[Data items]
====================

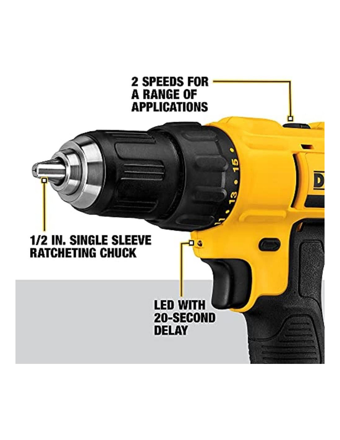 - La transmisión de alta velocidad del taladro Dewalt 20V ofrece 2 velocidades (0-450 & 1,500 rpm) para una variedad de aplicaciones de atornillado y perforación
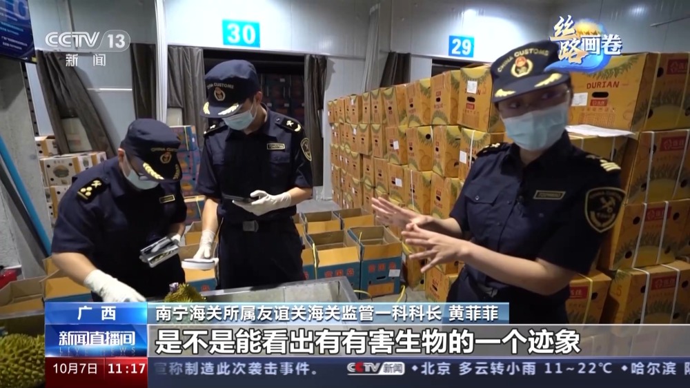南寧海關(guān)所屬友誼關(guān)海關(guān)監(jiān)管一科科長 黃菲菲:現(xiàn)在他們主要查驗的就是榴蓮的外表面,是不是能看出有有害生物的一個跡象。當(dāng)然他們同時還會對貨證相符性和證證相符性進行一個全面的檢查。比如說您看這個就是越南方面開出來的植物檢疫證書,就是為了保證榴蓮又快又好地進入國內(nèi)市場,然后讓我們的消費者能夠安心地食用。
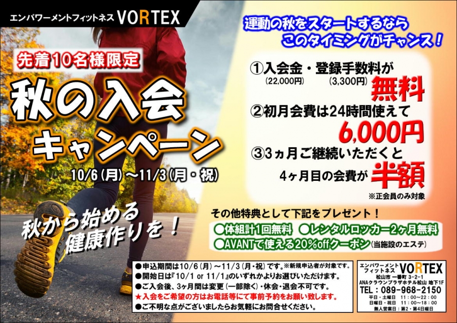 【秋から始める健康作りを!】〜2025年 秋の入会キャンペーン実施中!〜
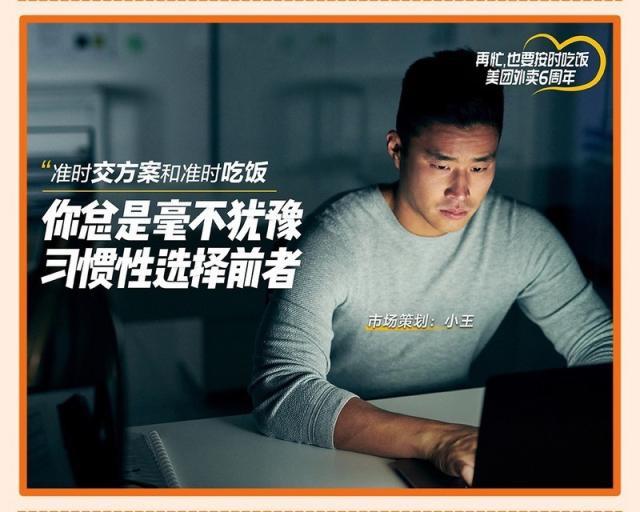 再比如,11月18日美团外卖成立六周年之际发布了《按时吃饭报告》,数据显示,目前国内仍有不少用户吃饭不定时,晚饭不按时最为严重,超过1.02亿人因各种原因无法按时吃晚饭,对此,美团外卖发出倡议,提醒每个为美好生活努力的人——“再忙,也要按时吃饭!”虽然所有人都知道按时吃饭更好,但却很少有人系统性地来推动、引导和普及这一理念,没有谁比美团更合适。
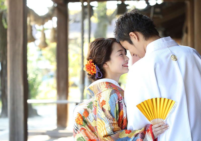 白無垢でも色打掛でもOK。スタジオだけでなく神殿でも撮影できるので前撮りや
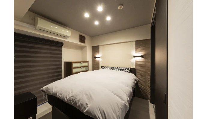 寝室のヘッド側の壁⼀⾯には調湿建材を施⼯し、さらにインナーサッシを設置したことで、⻑年悩まれていた結露の問題が改善しました。照明には調光機能とリモコン付の照明を採⽤し、シーンに応じて光の強さを⾃在に調整できる、快適で機能的な空間に仕上がっています。
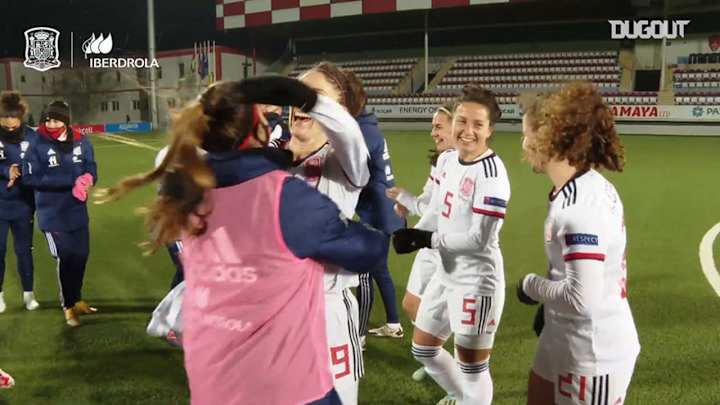 Spain women’s national team celebrate qualifying for the 2022 Euro
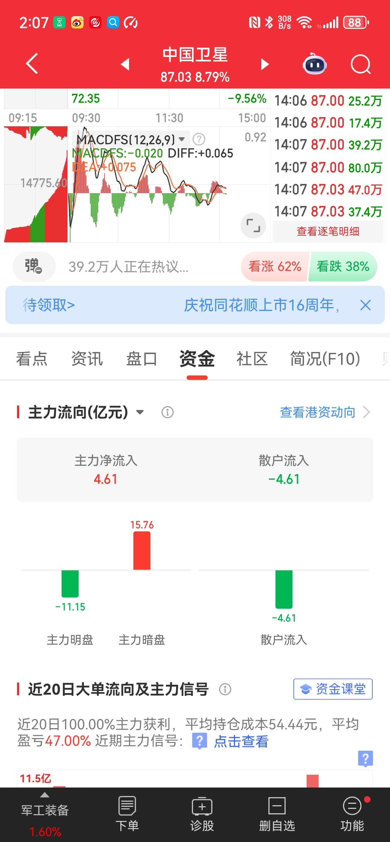 $中国卫星(SH600118)$ 有人问主力流出11个亿被谁接了那么好这张图一看就知道了。当然这个图只是一个借鉴市值到1000多亿不是散户能接的住的

====================

**WORK INSTRUCTION**: Copy every line of the data exactly as written, excluding the pictures.

**TASK ANSWER**:
 - La transmisión de alta velocidad del taladro Dewalt 20V ofrece 2 velocidades (0-450 & 1,500 rpm) para una variedad de aplicaciones de atornillado y perforación
南寧海關(guān)所屬友誼關(guān)海關(guān)監(jiān)管一科科長 黃菲菲:現(xiàn)在他們主要查驗的就是榴蓮的外表面,是不是能看出有有害生物的一個跡象。當(dāng)然他們同時還會對貨證相符性和證證相符性進行一個全面的檢查。比如說您看這個就是越南方面開出來的植物檢疫證書,就是為了保證榴蓮又快又好地進入國內(nèi)市場,然后讓我們的消費者能夠安心地食用。
 【秋から始める健康作りを!】〜2025年 秋の入会キャンペーン実施中!〜
 再比如,11月18日美团外卖成立六周年之际发布了《按时吃饭报告》,数据显示,目前国内仍有不少用户吃饭不定时,晚饭不按时最为严重,超过1.02亿人因各种原因无法按时吃晚饭,对此,美团外卖发出倡议,提醒每个为美好生活努力的人——“再忙,也要按时吃饭!”虽然所有人都知道按时吃饭更好,但却很少有人系统性地来推动、引导和普及这一理念,没有谁比美团更合适。
 白無垢でも色打掛でもOK。スタジオだけでなく神殿でも撮影できるので前撮りや
 寝室のヘッド側の壁⼀⾯には調湿建材を施⼯し、さらにインナーサッシを設置したことで、⻑年悩まれていた結露の問題が改善しました。照明には調光機能とリモコン付の照明を採⽤し、シーンに応じて光の強さを⾃在に調整できる、快適で機能的な空間に仕上がっています。
 Spain women’s national team celebrate qualifying for the 2022 Euro
 $中国卫星(SH600118)$ 有人问主力流出11个亿被谁接了那么好这张图一看就知道了。当然这个图只是一个借鉴市值到1000多亿不是散户能接的住的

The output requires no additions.